# Streaming and classical music - new Gramophone article



## Nereffid (Feb 6, 2013)

An interesting article on streaming, posted on _Gramophone_'s web site: http://www.gramophone.co.uk/feature/making-waves-classical-music-and-the-rise-of-streaming

Starts off suggesting that an increase in streaming of classical music will quickly destroy the industry, but gets more optimistic as it goes on.
Helped by having some actual data rather than just speculation:



> Take the example of Hyperion Records, who have decided not to make themselves available on any on-demand streaming platforms. In 2013 a well-reviewed Baroque vocal album cost them £36k to make. During 2013, this album earned £10,847 through 2,104 CD sales and £2,152 through 444 download sales. However, 34,947 streaming events on iTunes Radio earned just £22.13. Not good, even within the context of iTunes Radio paying out less than a subscription service.





> Signum have one particular artist who makes 'probably 10 times through just Spotify what he makes through any other revenue stream.' Furthermore, it could be that streaming has been a key factor in Signum's market share rising in 2014 from 0.3 per cent to 0.6 per cent.


Lots more food for thought in there, I think; whether you're a glass-half-full or glass-half-empty person, there's plenty to reinforce your beliefs!


----------



## Weston (Jul 11, 2008)

£36k to make? And that's not even with a full orchestra. It sounds like a lot to me. But also 2013 isn't that long ago. I would hope classical records have a longer shelf life than pop, so there is still time to rise above the break even mark.


----------



## joen_cph (Jan 17, 2010)

Very interesting with such detailed and concrete information.


----------



## Blancrocher (Jul 6, 2013)

> However, as Paul Baxter explains, this modus operandi removes an important safety net. 'The way it affects the consumer is that, traditionally, when record labels pay there's an element of quality control before anything happens at all. The record label had a role as custodian of quality and might sometimes tell an artist, "That's not the right repertoire for you".' He continues, 'I have an idea of which projects are the right things to do with which artists, and if artists just go ahead and record their own things then immediately that level of quality control is gone.' In fact, Delphian Records takes this element of their role so seriously that they employ an artists' development manager, a post that would become unaffordable if their income drops below a workable level.
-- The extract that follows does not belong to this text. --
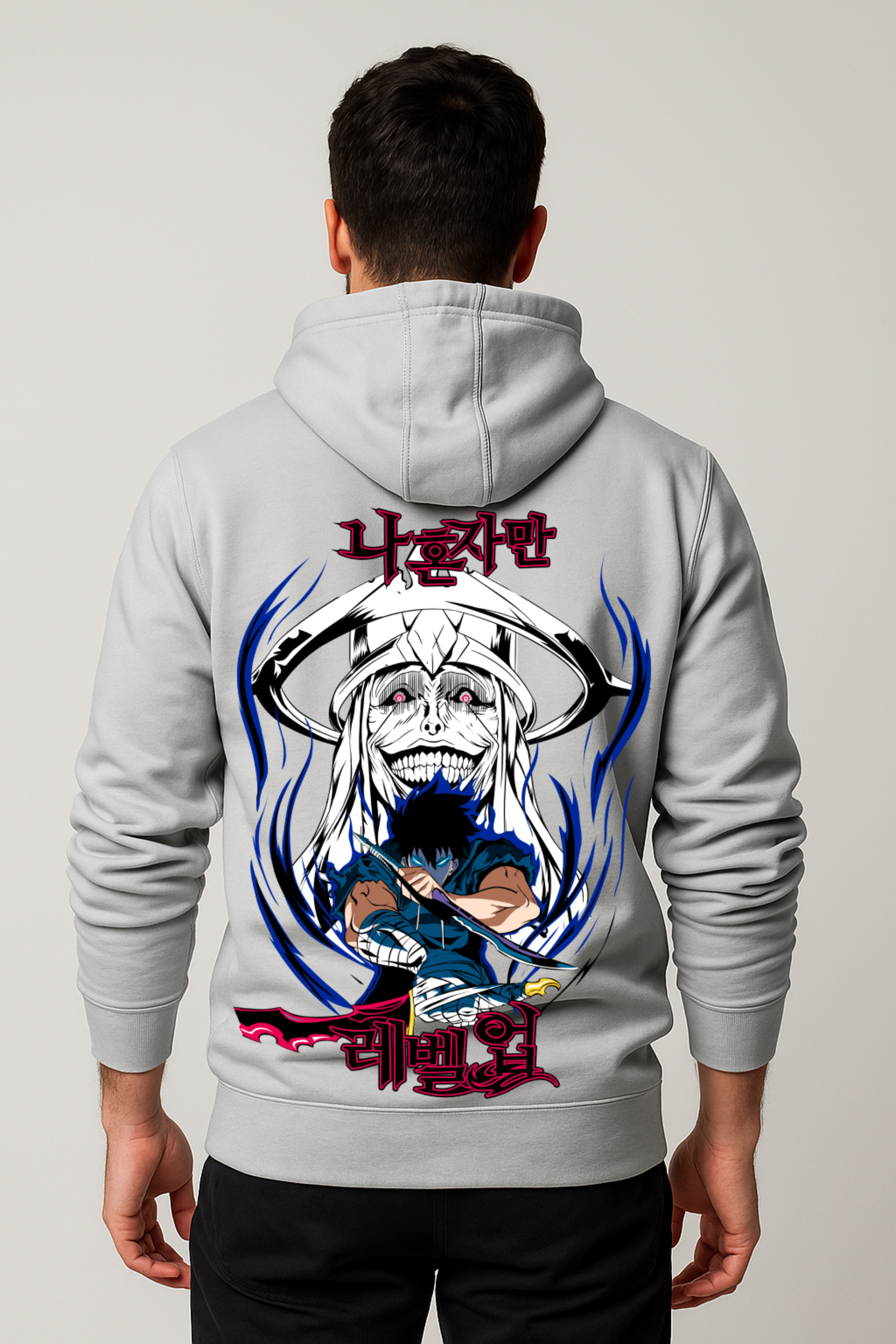The front is boldly stamped with "SOLO LEVELING" in sharp, electrifying text that screams power and mystery. Made from 320 GSM fabric (80% cotton, 20% polyester), this hoodie combines comfort with durability, making it perfect for your next raid or just a chill day in the city. Whether you're slaying monsters or showing off your fan loyalty, this hoodie is your perfect gear. Ready to level up your wardrobe? Grab yours now before it's too late!
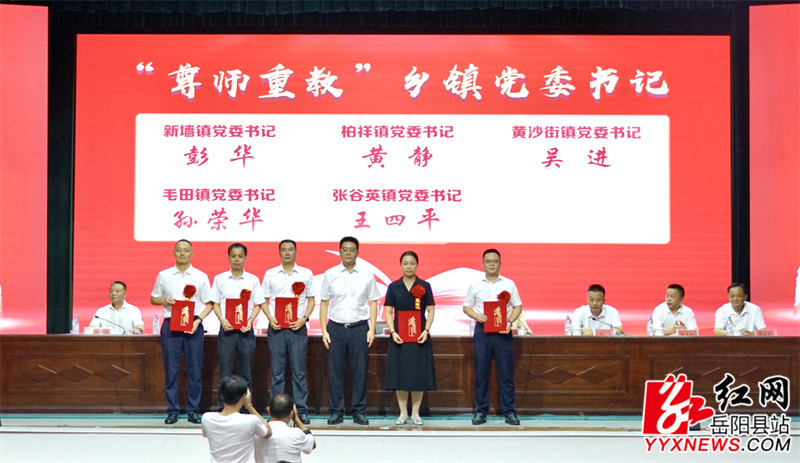 县委书记肖湘晖为“尊师重教”乡镇党委书记颁发荣誉证书

I don't know--there are things to be said both for and against labels' "branding" of performers by limiting their recorded repertoire.

That's just picking on a little detail, of course. Interesting article, in any case.


----------



## staxomega (Oct 17, 2011)

Hyperion also release SACD format, the licensing costs to Sony for that aren't cheap.


----------



## Delicious Manager (Jul 16, 2008)

Weston said:


> £36k to make? And that's not even with a full orchestra. It sounds like a lot to me. But also 2013 isn't that long ago. I would hope classical records have a longer shelf life than pop, so there is still time to rise above the break even mark.


Not very much when you consider artists' fees, engineers, editors, producer, venue costs, mastering and printing of CDs, design, printing and collation of booklets, jewel cases, copyright royalties, music and instrument hire, transportation and distributors' fees.

It all adds up (I have first-hand professional experience).


----------



## gHeadphone (Mar 30, 2015)

Thats a great article with a lot of food for thought.

I used to be an artist and the upfront costs to put out a quality product were always a surprise to anybody not in the industry. The pennies that you get back per play make it increasingly difficult to fund the next recording

A side note we used to struggle to feed 4 musicians on tour, i cant imagine feeding a whole orchestra!


----------



## mountmccabe (May 1, 2013)

I have some issues with the article, but overall it is interesting. And better than some complaints about streaming music that I've read.

This was the first I've heard of the new/forthcoming MeloMe and Idagio, classical-only streaming services. I am now looking forward to seeing how they develop.

Steve Smith of Gimell Records says


> 'Classical listeners are much more likely to sit and listen to an album or two, rather than have it on all day long.'


Is he trying to say that classical listeners listen to less music? I find this claim quite ridiculous.



> Next, think of how many different recordings of Beethoven's Symphony No 5 there are in comparison to how many separate versions of any given Pink Floyd song, and you begin to see how what profits that there are could be spread even thinner.


How is this changed by streaming? I suppose it has something to do with availability, but while there are more copies of any work on (say) Spotify than in any record store what goes with that is that any one recording is now available (more easily) to far more potential listeners.

That is to say, a local record store may have (say) 10 recordings of the symphony, so, sure, those ten all have a greater chance of being heard. But the other (say) 70 recordings have no chance of being heard. Any most record companies (especially the boutique labels being discussed) are more often in the latter group than the former.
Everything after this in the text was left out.